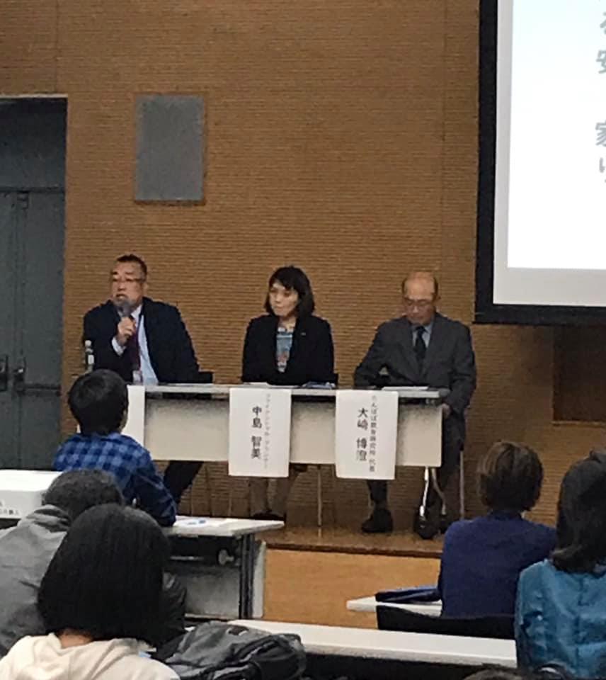 パネラーは第一部でも講師を務められた中島智美さん たんぽぽ教育研究所で、元・高知県教育長の大﨑博澄さん 高知支部の石川智さんです。
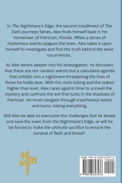 In "The Nightmares Edge: An Alex Archer Adventure," the second installment of the series, our protagonist Alex Archer finds himself back in his hometown of Patrician, Florida. When a series of mysterious events plague the town, Alex takes it upon himself to investigate and uncover the truth behind the eerie occurrences. As Alex delves deeper into the investigation, he discovers that these are not random events but a calculated agenda that unfolds into a nightmare threatening the lives of those he holds dear. With the clock ticking and the stakes higher than ever, Alex races against time to unravel the mystery and confront the evil that lurks in the shadows of Patrician. He must navigate through treacherous twists and turns, risking everything. Will Alex be able to overcome the challenges that lie ahead and save the town from the Nightmares Edge, or will he be forced to make the ultimate sacrifice to ensure the survival of flesh and blood? Join Alex Archer on this thrilling adventure filled with suspense, danger, and heart-pounding twists.
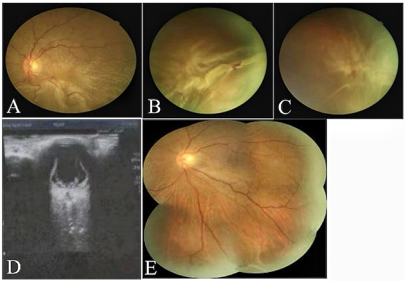Figure 4. (A–D) Fundus photography and ocular ultrasound demonstrated pre-operative total retinal detachment and proliferative retinal changes in the patient. (E) One month post-operative complete retinal reattachment in patients undergoing combined SB and pure C3F8 gas filling.
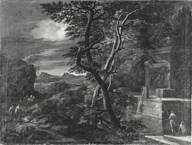 Istituto Centrale per il Catalogo e la Documentazione: Fototeca Nazionale — Rosa Salvator - seguace - sec. XVII - Paesaggio con fontana e figure Istituto Centrale per il Catalogo e la Documentazione: Fototeca Nazionale
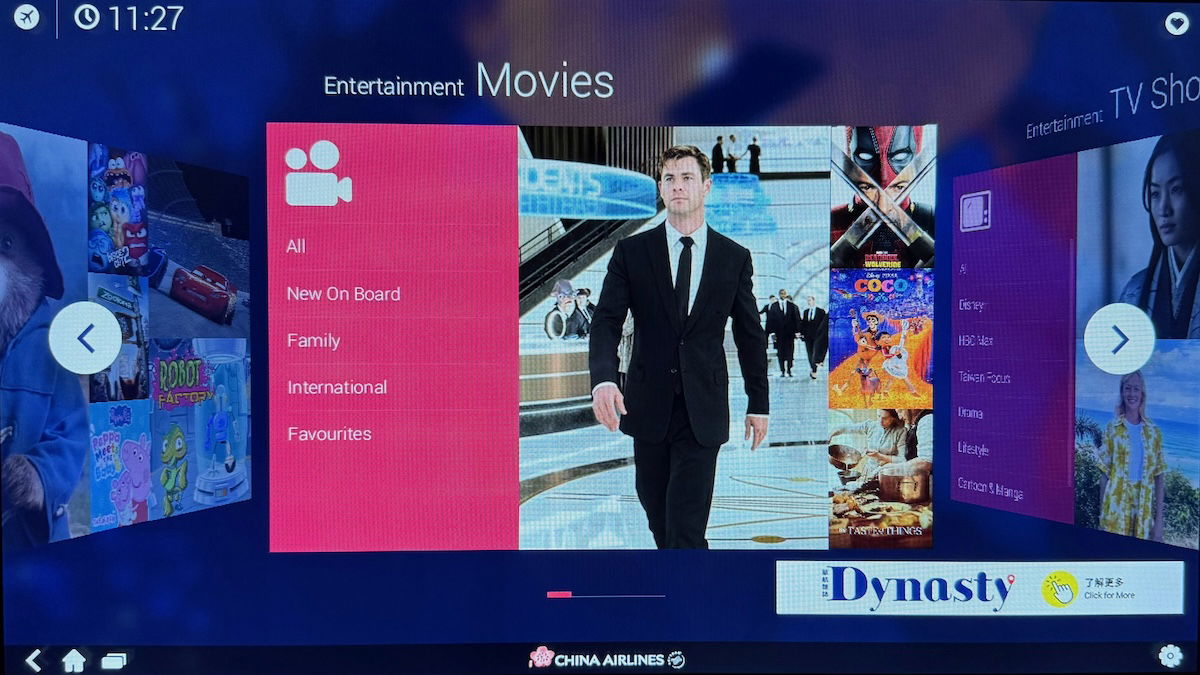 China Airlines’ A350 business class entertainment setup is sufficient, but nothing exciting. There’s a decent selection of movies and TV shows, so it shouldn’t be too hard to find something to watch. However, don’t expect anything like the systems you’ll find on Cathay Pacific or Emirates, for example.
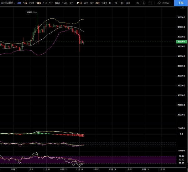 从4小时线来看的话,行情做出了市场框架的转变,由原本的多头,转变为空头。布林带呈张口状态运行,K线延下轨持续震荡,走势呈拱桥势,下方MACD空头能量柱放量,MACD向下延伸,KDJ三线有形成交叉向上的趋势。目前空头也是相对于来说比较强势,币价在短期的低位,空头也是有占据主导市场的趋势,在多次突破36000关口之后,大概率还会延续一波下探, 留意日K线的结构变换,目标小周期处于高位回调中显弱,大级别还是多头,回撤就是机会,思路继续低多为主,高空为辅即可
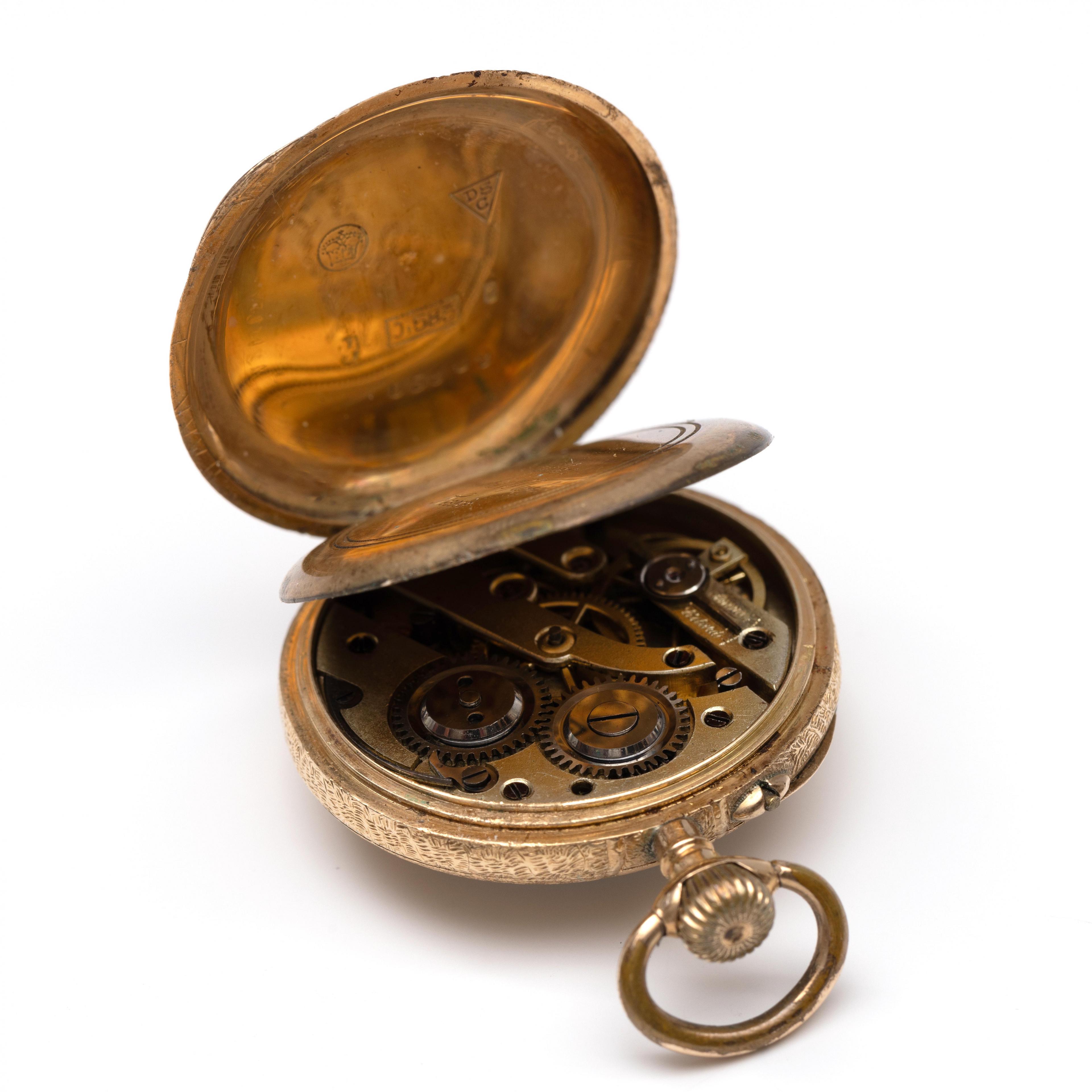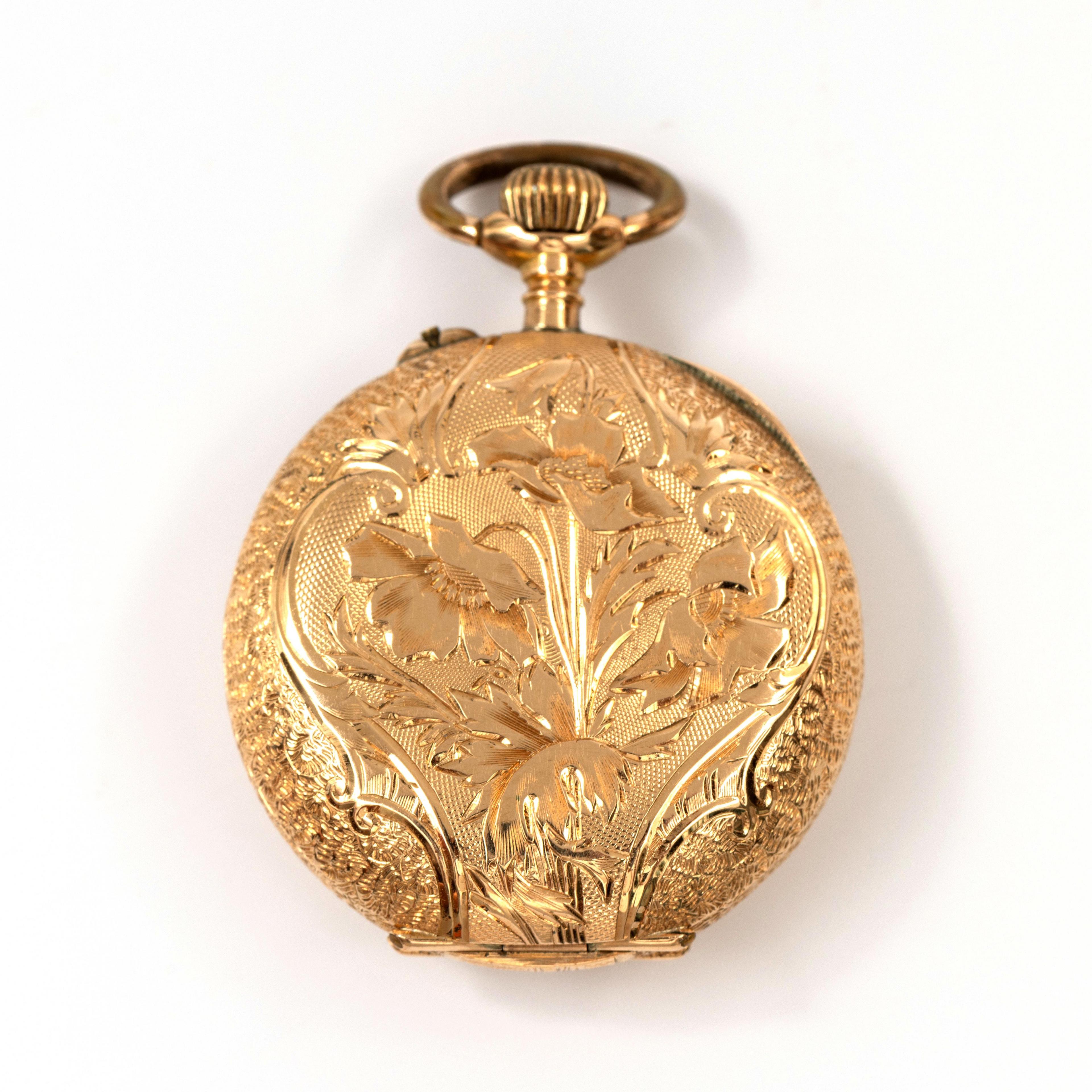14 k. Gold pocket watch, with white dial with red Roman numerals for the hours. The case completely engraved, the back with a decoration of poppies. The inner lid and the bail of base metal.

════

§ **EXERCISE AIM**:
Your task is to transcribe all of the records precisely, with no images included.

§ **COMPLETED EXERCISE**:
 パネラーは第一部でも講師を務められた中島智美さん たんぽぽ教育研究所で、元・高知県教育長の大﨑博澄さん 高知支部の石川智さんです。
 In "The Nightmares Edge: An Alex Archer Adventure," the second installment of the series, our protagonist Alex Archer finds himself back in his hometown of Patrician, Florida. When a series of mysterious events plague the town, Alex takes it upon himself to investigate and uncover the truth behind the eerie occurrences. As Alex delves deeper into the investigation, he discovers that these are not random events but a calculated agenda that unfolds into a nightmare threatening the lives of those he holds dear. With the clock ticking and the stakes higher than ever, Alex races against time to unravel the mystery and confront the evil that lurks in the shadows of Patrician. He must navigate through treacherous twists and turns, risking everything. Will Alex be able to overcome the challenges that lie ahead and save the town from the Nightmares Edge, or will he be forced to make the ultimate sacrifice to ensure the survival of flesh and blood? Join Alex Archer on this thrilling adventure filled with suspense, danger, and heart-pounding twists.
Figure 4. (A–D) Fundus photography and ocular ultrasound demonstrated pre-operative total retinal detachment and proliferative retinal changes in the patient. (E) One month post-operative complete retinal reattachment in patients undergoing combined SB and pure C3F8 gas filling.
 Istituto Centrale per il Catalogo e la Documentazione: Fototeca Nazionale — Rosa Salvator - seguace - sec. XVII - Paesaggio con fontana e figure Istituto Centrale per il Catalogo e la Documentazione: Fototeca Nazionale
 China Airlines’ A350 business class entertainment setup is sufficient, but nothing exciting. There’s a decent selection of movies and TV shows, so it shouldn’t be too hard to find something to watch. However, don’t expect anything like the systems you’ll find on Cathay Pacific or Emirates, for example.
 从4小时线来看的话,行情做出了市场框架的转变,由原本的多头,转变为空头。布林带呈张口状态运行,K线延下轨持续震荡,走势呈拱桥势,下方MACD空头能量柱放量,MACD向下延伸,KDJ三线有形成交叉向上的趋势。目前空头也是相对于来说比较强势,币价在短期的低位,空头也是有占据主导市场的趋势,在多次突破36000关口之后,大概率还会延续一波下探, 留意日K线的结构变换,目标小周期处于高位回调中显弱,大级别还是多头,回撤就是机会,思路继续低多为主,高空为辅即可
14 k. Gold pocket watch, with white dial with red Roman numerals for the hours. The case completely engraved, the back with a decoration of poppies. The inner lid and the bail of base metal.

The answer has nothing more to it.